1) жалоб больной на головную боль в лобно-височной области давящего характера, сопровождающуюся головокружением и шумом в ушах; отсутствие движений и чувство онемения в левых конечностях.

2) истории развития заболевания: Считает себя больной с 14:30 ч 11.02.09 года, когда, в связи с нерегулярным приемом гипотензивных препаратов, на фоне очередного эпизода повышения артериального давления до 180/110 мм рт. ст., почувствовала резко нарастающую головную боль с последующим помутнением сознания на время около двух минут. После чего больная отметила отсутствие активных движений в левой руке и резко нарастающую слабость в левой ноге. Скорой помощью доставлена в приемное отделение ГБ № 15 с диагнозом острое нарушение мозгового кровообращения, затем на каталке доставлена на первое неврологическое отделение, где был назначен план обследования и соответствующее лечение.

3) общего состояния больного - Общее состояние средней степени тяжести. Положение в постели пассивное. Сознание сохранено, мышление замедленно, эмоционально лабильна. Наблюдается отсутствие движений в левых конечностях. В левой половине тела отмечается повышение тонуса мышц. Область сердца не изменена. Верхушечный толчок умеренной силы, определяется в 5 межреберье по среднеключичной линии слева. Пульс на лучевых артериях симметричный на обеих руках, удовлетворительного наполнения и напряжения, частота 76 в минуту, ритмичен. Расширение границ сердца влево Аускультация сердца: Тоны сердца приглушены, аритмичные, ЧСС - 76 в минуту. АД - 170/100 мм рт.ст.

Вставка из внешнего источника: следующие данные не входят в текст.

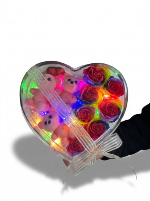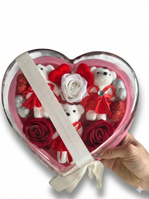 Ayıcıklı ve Atıştırmalıklı Dev Kalp Aranjmanı
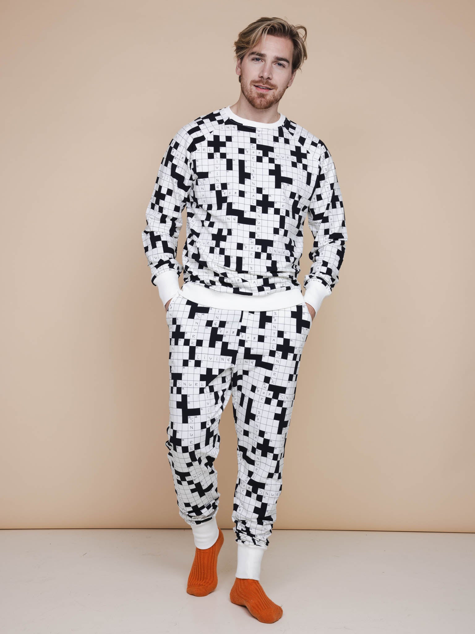 Puzzling has never been so relaxed. Zwart-white, sleek and playful at the same time: this crossword print is good for your head and your mood. Certainly if it is printed on our comfortable and soft organic stretch cotton. 2 Horizontal: the nicest sleep brand (five letters).
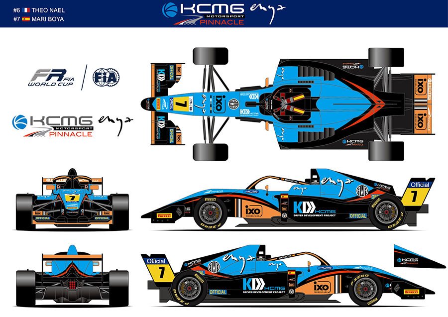 Accompanying KCMG ENYA by Pinnacle Motorsport in the FIA Formula Regional World Cup are KCMG, ENYA, IXO Models, Attachment Warehouse, LOH Motorsport, and Motorsport Ireland.

4) неврологического статуса - Черепные нервы:

III пара - n. oculomotorius (глазодвигательный нерв)

IV пара - n trochlearis ( блоковый нерв )

VI пара - n. abducens (отводящий нерв)

У больной зрачки округлые, одинакового размера, симметричные. На свет реагируют содружественно. Глазные щели не равномерны D<S.

V пара - n . trigeminus (тройничный нерв ).

VII пара - n. facialis (лицевой нерв).

Зубы при их показывании обнажаются не полностью с левой стороны. Выявляется небольшая сглаженность левой носогубной складки, опущение левого угла рта.

XII пара - n. hypoglossus (подъязычный нерв).

Наблюдается девиация языка влево.

Чувствительная сфера.

Отмечается незначительное снижение тактильной чувствительности слева. У больной отмечается незначительное снижение температурной чувствительности слева(термогипестезия).

У больной отмечается умеренное снижение мышечно-суставного чувства слева. У больной в левой половине тела время ощущения вибрации несколько укорочено - 5 сек.. У больной отмечается снижение чувства давления слева.

Двигательная сфера и рефлексы.

Данная больная осуществляет активные движения в правой половине тела, но объем и темп движений отсутствует в левой половине тела. Отмечается отсутствие мышечной силы слева. У больной отмечается повышение мышечного тонуса слева по экстрапирамидному типу.

Сухожильные рефлексы (с двуглавой мышцы плеча, с трехглавой мышцы плеча, с ахиллова сухожилия, коленный рефлекс) у данного больного с синисиральным преобладанием.

Подошвенный рефлекс с синисиральным преобладанием. Карпо-радиальный рефлекс снижен справа.

Положительные патологические рефлексы: Россолимо на кисти и стопе слева, Бабинского, Жуковского слева. Клонусы стоп и коленной чашечки вызываются с левой стороны.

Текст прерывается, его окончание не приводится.